提醒:结果的顺序与输入文件中的顺序不同。 请确保检查custom_id以将结果与输入请求进行匹配。

# 检索结果文件

result_file_id = batch_job.output_file_id
result = client.files.content(result_file_id).content

result_file_name = "data/batch_job_results_furniture.jsonl"

with open(result_file_name, 'wb') as file:
file.write(result)

# 从保存的文件加载数据

results = []
with open(result_file_name, 'r') as file:
for line in file:
# 将JSON字符串解析为字典,并追加到结果列表中
json_object = json.loads(line.strip())
results.append(json_object)

# 仅阅读首个结果
for res in results[:5]:
task_id = res['custom_id']
# 从任务ID获取索引
index = task_id.split('-')[-1]
result = res['response']['body']['choices'][0]['message']['content']
item = df.iloc[int(index)]
img_url = item['primary_image']
img = Image(url=img_url)
display(img)
print(f"CAPTION: {result}\n\n")

CAPTION: Brushed brass pedestal towel rack with a sleek, modern design, featuring multiple bars for hanging towels, measuring 25.75 x 14.44 x 32 inches.

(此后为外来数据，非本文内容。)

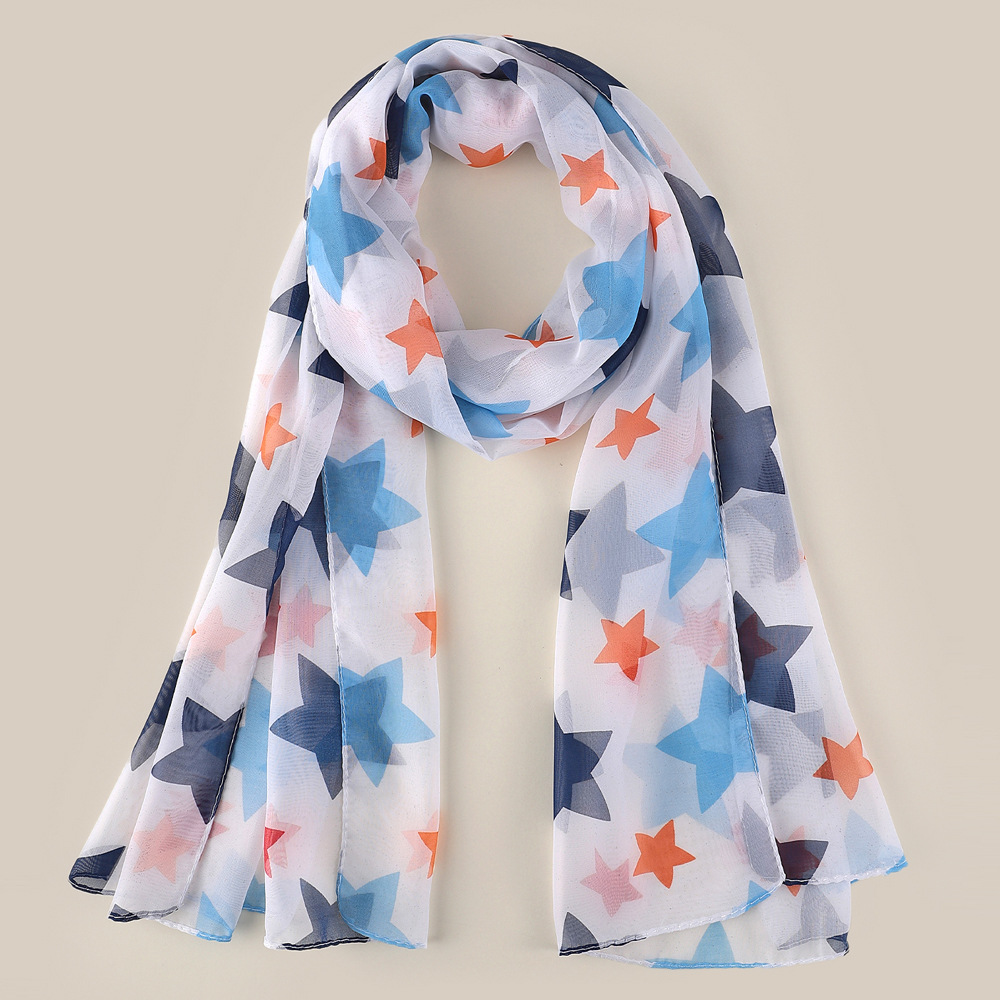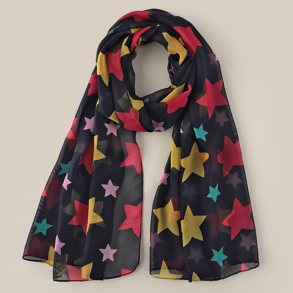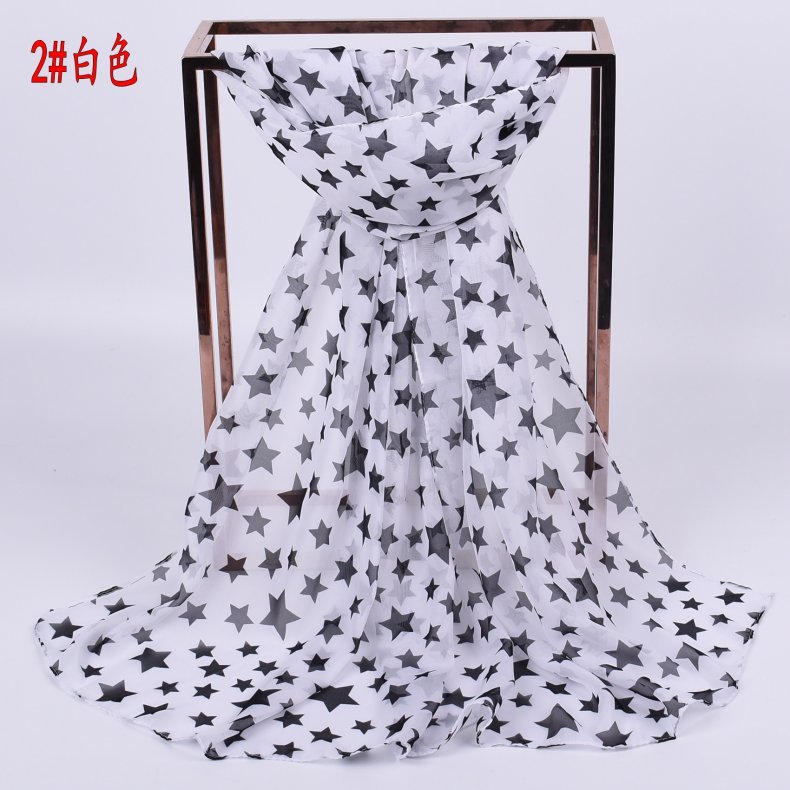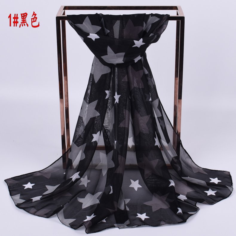 Black White Stars Pattern Fashion Ladies Scarves Chiffon Scarf Womens Shawls

CAPTION: Black round end table featuring a tempered glass top and a metal frame, with a lower shelf for additional storage.

CAPTION: Black collapsible and height-adjustable telescoping stool, portable and designed for makeup artists and hairstylists, shown in various stages of folding for easy transport.

CAPTION: Ergonomic pink gaming chair featuring breathable fabric, adjustable height, lumbar support, a footrest, and a swivel recliner function.

CAPTION: A set of two Glitzhome adjustable bar stools featuring a mid-century modern design with swivel seats, PU leather upholstery, and wooden backrests.

总结

在本手册中,我们看到了如何使用新的Batch API的两个示例,但请记住,Batch API的工作方式与Chat Completions端点相同,支持相同的参数和大多数最新的模型(如gpt-3.5-turbo、gpt-4、gpt-4-vision-preview、gpt-4-turbo等)。

通过使用这个API,您可以显著降低成本,因此我们建议将每个可以异步发生的工作负载切换到使用这个新API的批处理作业。